Aim of the task: From the material below, please set down exactly the lines starting with the one with "Воздушный фильтр, дефлектор, карбюратор" and going on through the one with "Offer a sign", without a single picture.

Records for this exercise:
Content starts

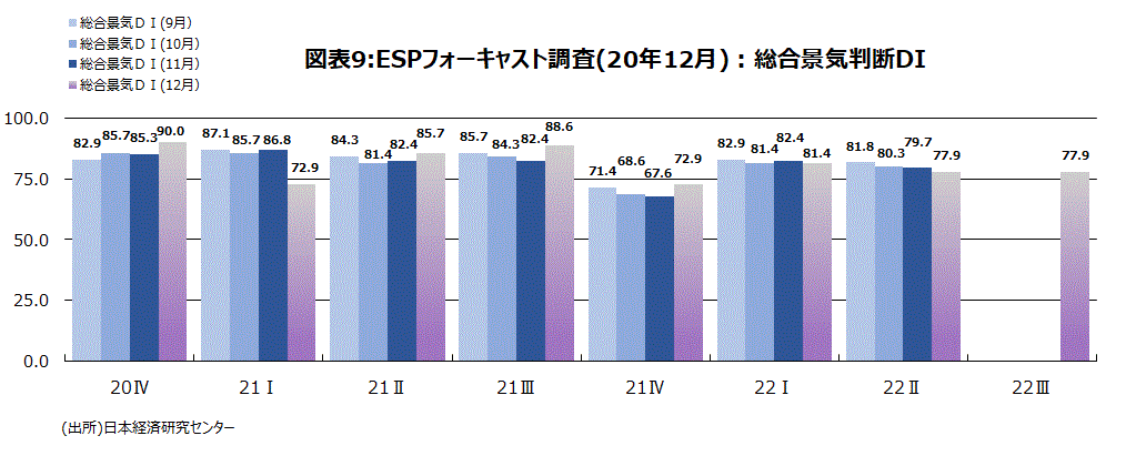 ESPフォーキャスター全員の総意を示す「総合景気判断DI」を見ると、2020年10~12月期は景気判断の分岐点にあたる50を大幅に上回る90.0。その後2022年7~9月期までは70~80台で、50を大幅に上回って推移する。「総合景気判断DI」が一時的に低めになるのは、2021年1~3月期と夏季オリンピック終了直後の2021年10~12月期だが、どちらも72.9で50をかなり、上回っている(図表9)。多少の振幅があるものの、おそらく2020年5月を谷とする緩やかな景気回復が続くというのがエコノミストのコンセンサスとなっている。
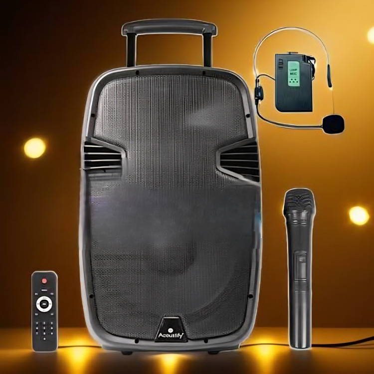 بدنه بلندگو قابل حمل 15 اینچ اکتیو ACOUSTIFY فایبرگلاس مقاوم بوده که با داشتن چرخ و دستگیره بصورت چمدانی قابل حمل است. همچنین دارای سیستم پخش صوت TWOWAY (تو وی) بوده که سبب تفکیک و شفافیت فرکانسی بالایی نسبت به بلندگو های شارژی فول رنج تک بلندگو می شود.
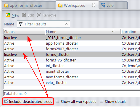 Inactive indicates that the workspace is currently deactivated. Inactive workspaces can be reactivated. See the Remove and Reactivate commands below.
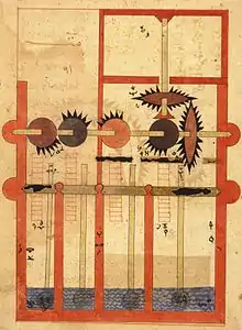 كانت الحبال ومواد أخرى مصنوعة من الأخشاب تستخدم قديمًا في آليات بسيطة لنقل الحركة مثل البكَّرات الرافعة، لكن لا أحد يعرف على وجه الدقة أين أو متى بدأ استخدام العجلات، ومع أن الأدب الصيني القديم والأدب اليوناني والتركي والدمشقي قد أشاروا كثيرًا إلى التروس إلا أنهم لا يقدمون الكثير من التفاصيل.
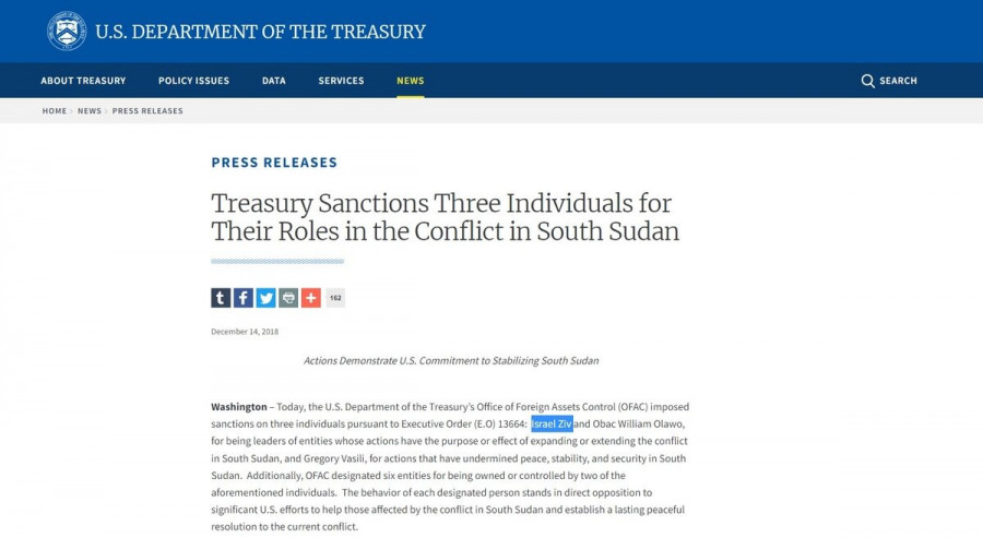 Η κίνηση αυτή της OFAC κρίθηκε επιβεβλημένη καθώς οι ενέργειες του Ισραήλ Ζιβ κρίθηκε πως έρχονταν «σε ευθεία αντίθεση με τις σημαντικές προσπάθειες των ΗΠΑ να βοηθήσουν όσους επλήγησαν από τη σύγκρουση στο Νότιο Σουδάν και να δημιουργήσουν μια διαρκή ειρηνική επίλυση της τρέχουσας σύγκρουσης».
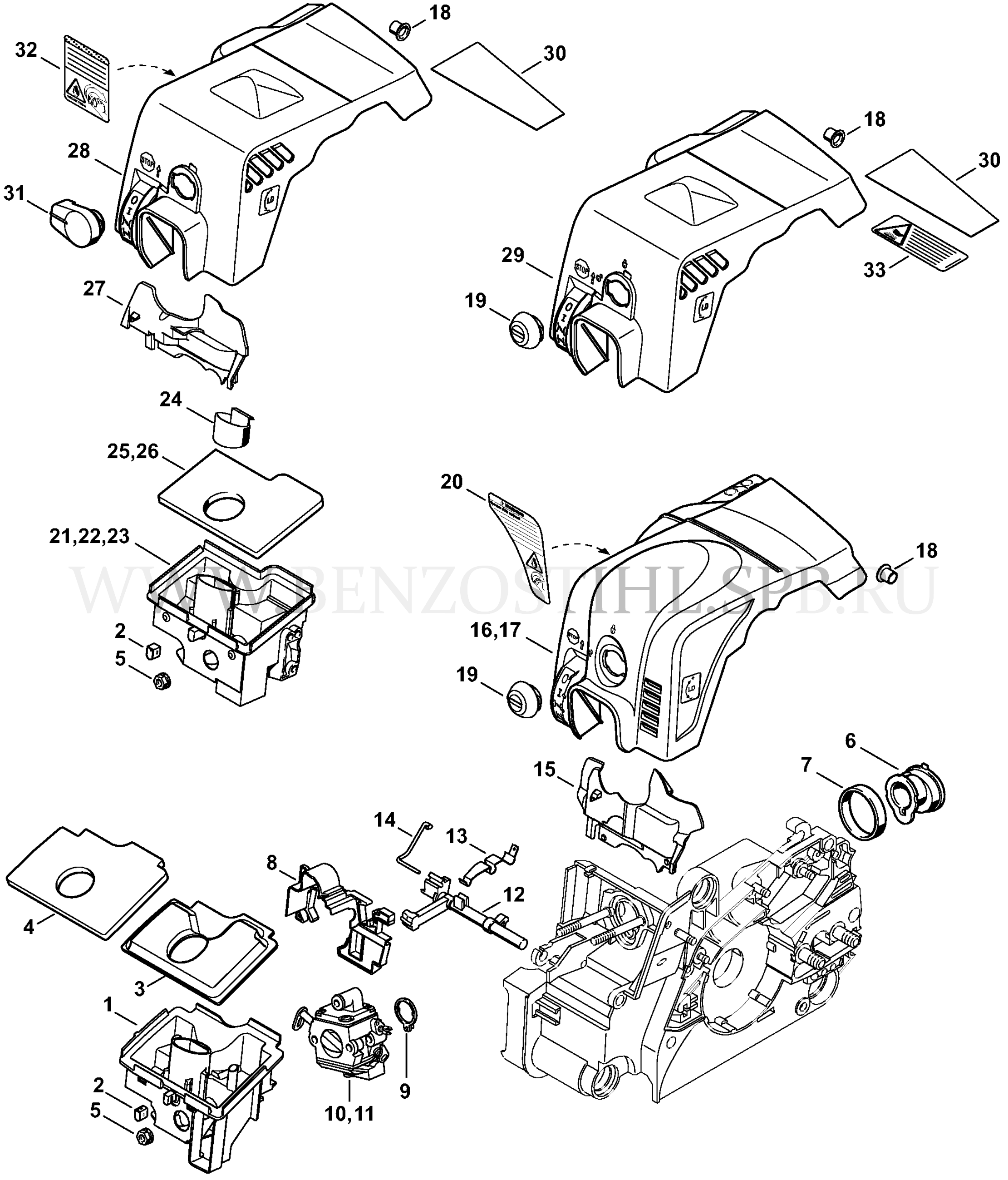 Воздушный фильтр, дефлектор, карбюратор Stihl MS 170, MS 170 C
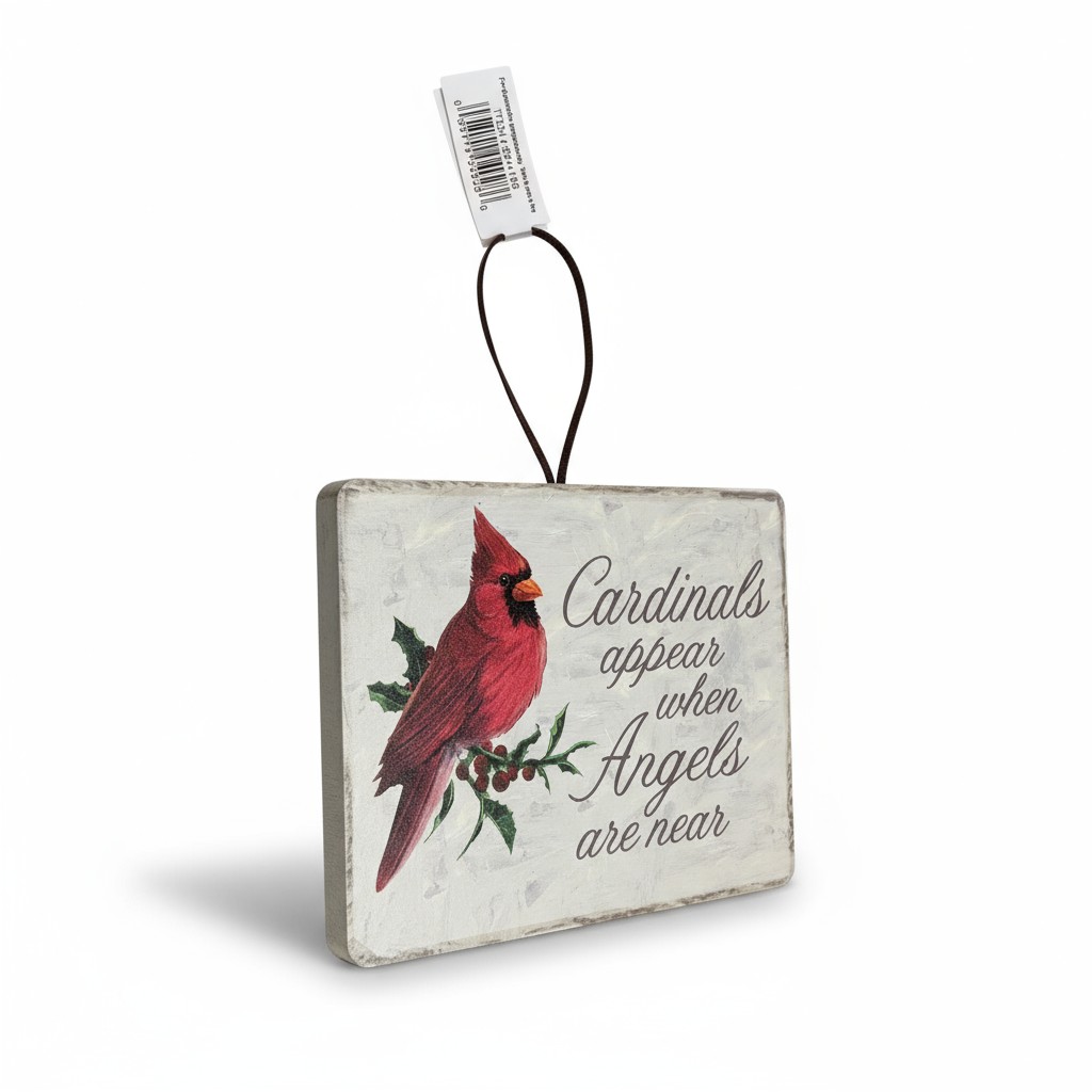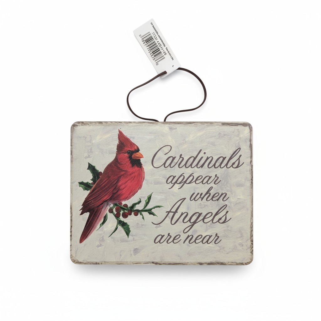 Offer a sign of comfort and eternal love with this small, yet impactful, Cardinal Remembrance Sign. Measuring just 4 by 5 inches, this wooden plaque carries a powerful message of hope and connection: 'Cardinals appear when Angels are near.'
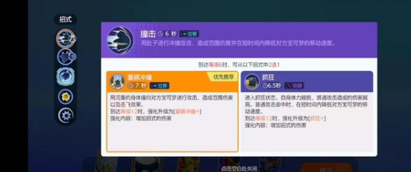 卡比兽一技能:撞击,用肚子进行攻击,造成范围伤害并在短期内降低对方速度。
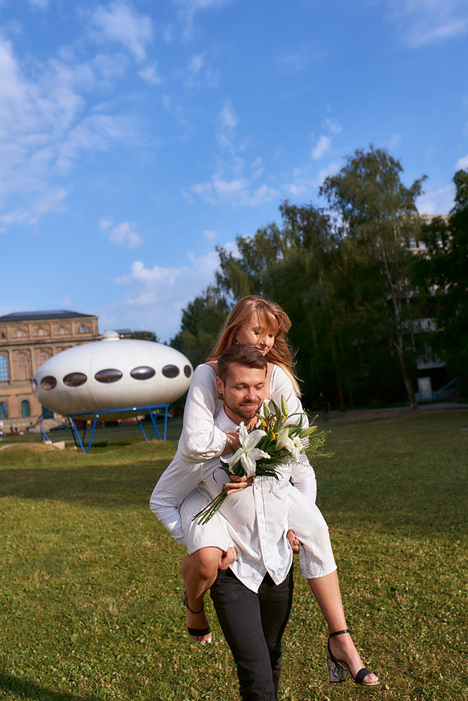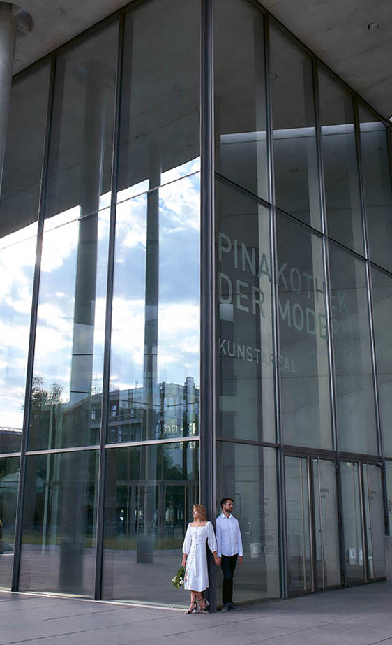 Als nächstes zogen wir weiter zum Museum der Moderne und zum Museum Brandhorst. Die modernen Fassaden und die künstlerischen Elemente boten eine eindrucksvolle Hintergrundkulisse für das Brautpaar. Die klaren Linien, lebendigen Farben und abstrakten Formen der Gebäude spiegelten die moderne und künstlerische Seite der Hochzeit wider. Die Bilder strahlten eine avantgardistische Ästhetik aus.
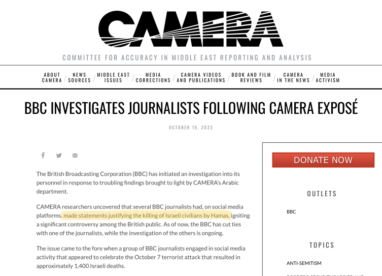 BBC'nin gazetecilerini soruşturmaya sevk etme kararı, CAMERA tarafından sunulan ve web sitesinde BBC gazetecilerinin "Sosyal medyada İsrailli sivillerin öldürülmesini meşrulaştıran açıklamalarda bulunduklarını" belirten bir raporun ardından geldi.
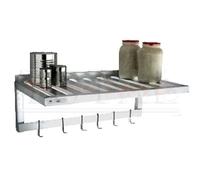 Increase storage space with these durable wall-mounted shelves. Designed with solid strip brackets that allow you infinite installation capabilities.<br>Model #: 1122PRMaterial: AluminumDimensions (D x L): 20" x 48"Framework: 1-1/2" x 1-1/2" x .070" wall tubingLaterals: 1-1/4" x 2-1/4" x .100" wall T-BarPot Rack: (7) 1/4" x 2" strapsWeight Capacity: 600 lbsLifetime Guarantee against rust and corrosionFive-Year Guarantee against workmanship and material defectsNSF Certified
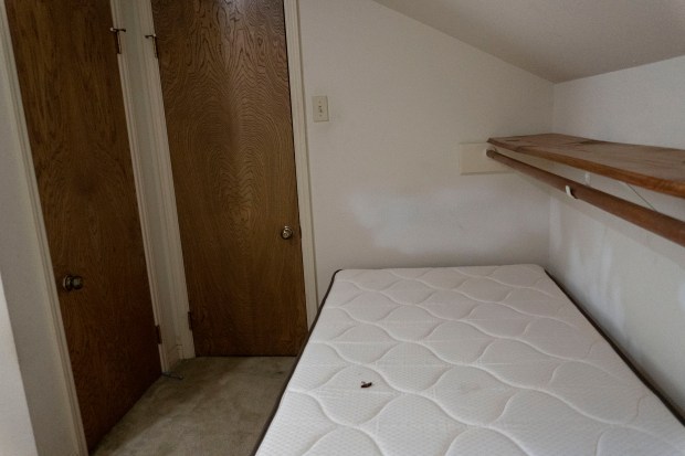 Well I don’t know who would put a twin bed in a closet, but that is what we found when we closed. This is not under the stairs like Harry Potter, but I do feel bad for whoever had to call this closet a bed room. We got rid of the bed, tore out the carpet and decided this would make a perfect tanning bed room (at least I don’t sleep here). Before we tackled this project though, we put up a “temporary wall” in what I thought would become my office – heck it still might, but the room off of the Harry Potter closet is an open area that will either become the exercise room or my office – I need walls to decide exactly where my office will be. Until I get that decided, the temporary wall will give me some work privacy.
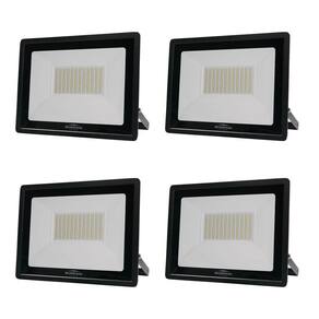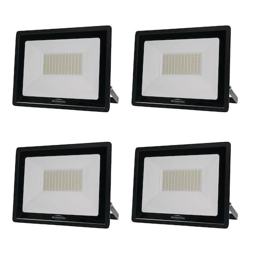 Kit 4 Refletor de Led Slim 100W Prova Dágua Preto Bivolt 6500K Frio
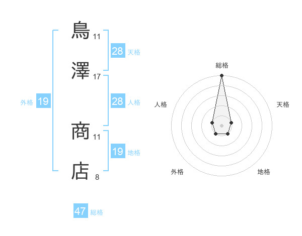 鳥澤 商店さんを姓名の画数から五運を鑑定
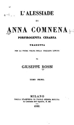- Анна Комнина. Алексиада. – 3-е изд., исправ. и доп. – Санкт-Петербург: Алетейя, 2010. – 750 с. – (Византийская библиотека. Иcточники). ISBN 978-5-91419-301-7
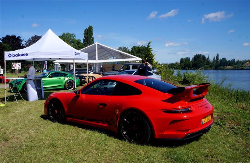 Wie hieß es einst in dem bekannten Song von Liedermacher Reinhard Mey „Über den Wolken“? „Wind Nord-Ost, Startbahn null-drei, bis hier hör’ ich die Motoren … und es dröhnt in meinen Ohren …“ Hier hat man zwar nicht abgehoben und schwebte auch nicht über den Wolken – obwohl: angehoben war es schon, was sich vor den Augen der Besucher auf der Festivalwiese neben der Marina im Schwebsinger Hafen bot. Im Minutentakt rollten auf Hochglanz polierte Luxusautos, größtenteils Young-, aber auch einige Oldtimer auf das Gelände und wurden vom Ordnungspersonal eingewiesen. Die Veranstalter hatten eigens farbig markierte Lanes installiert, in denen die Teilnehmer ihre Schätze abstellen und präsentieren konnten. So standen in einer Lane ausschließlich Porsche oder Mercedes, in einer anderen die italienischen Luxuskarossen von Ferrari und Lamborghini oder in einer weiteren die imposanten American Cars.
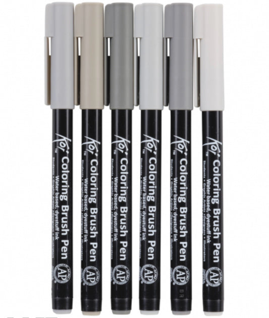 Set 6 Plumones Acuarelables Sakura Koi Brush Tonos Grises
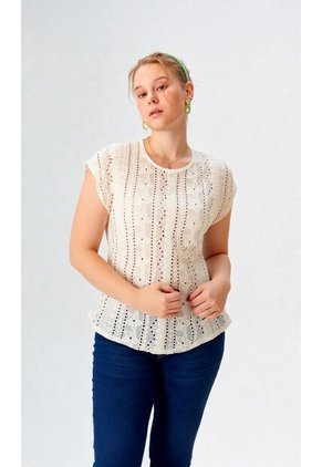 Blusa Para Mujer Manga Corta Beige Marca L&H Ref. 1F412686

Content ends

Your solution:
 Воздушный фильтр, дефлектор, карбюратор Stihl MS 170, MS 170 C
 Offer a sign of comfort and eternal love with this small, yet impactful, Cardinal Remembrance Sign. Measuring just 4 by 5 inches, this wooden plaque carries a powerful message of hope and connection: 'Cardinals appear when Angels are near.'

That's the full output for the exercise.